Gains in the yen may be limited by speculation fund managers will convert it into foreign currencies as they prepare to launch investment trusts composed of overseas assets.

Finance companies will market more than 1 trillion yen ($8.1 billion) of foreign-currency investment trusts before the end of June, according to data compiled by Bloomberg. Japan's benchmark rate is the lowest in the industrialized world, reducing the appeal of domestic assets.

``We're going to see carry trades for a long time,'' Gabriel de Kock, chief currency economist in New York at Citigroup Global Markets, said at a conference on foreign exchange in Singapore. ``The yen will be a dog.''

The yen will drop to 125 per dollar by year-end as Japan's 0.5 percent rate encourages investor outflows, said Daisaku Ueno at Nomura Securities Co.

Narrow Range
The narrowest monthly trading range in more than six years in April will prompt Japanese investors to seek higher-yielding foreign assets, pushing down the yen, Ueno said.

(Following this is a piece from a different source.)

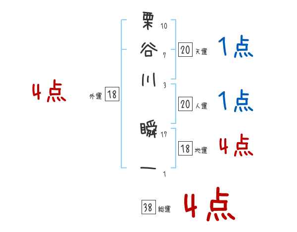 栗谷川瞬一さんの画数の鑑定結果

The yen that month traded within the smallest band since Oct. 2000, according to data tracked by Bloomberg. The spread between the high of 117.41 yen on April 2 and the low of 119.87 yen on April 16 was 2.46 yen. The range in May was 2.90 yen. The currency this month has had the range of 3.36 yen. The monthly trading range has averaged 4.8 yen since Jan, 2000.

`Likely to Prevail'
``Dollar-yen doesn't move as it used to,'' said Ueno, who in March was named best foreign-exchange analyst in the 19th annual Nikkei analyst rankings. ``In such a situation, the yen carry trade is likely to prevail. The yen's weak trend won't change.''

The dollar also declined against the yen on a report that's likely to show U.S. durable goods orders fell 1 percent last month, the most since January, after rising a revised 0.8 percent in April, according to the median forecast of 73 economists surveyed by Bloomberg.
``There's a real risk that we continue to see U.S. data disappoint,'' said Jonathan Cavanagh, a currency strategist at Westpac Banking Corp. in Sydney. ``The dollar has further to go on the downside.''

The euro's rally from a June 13 low may stall, according to technical charts traders use to predict currency movements, said Yuji Saito, head of the foreign-exchange sales department at Societe Generale SA in Tokyo.

The failure of the euro to sustain a break above so-called resistance at $1.3470 for the three previous days suggests further gains may be limited, Saito said. Resistance is a level where sell orders may be clustered.

``The euro looks bearish on the charts,'' he said. ``The euro may pull back to $1.3400 today,'' from $1.3439.

The $1.3470 level represents a 50 percent retracement of the euro's fall to the June 13 low from the April 27 high of $1.3681, based on a series of numbers known as the Fibonacci sequence.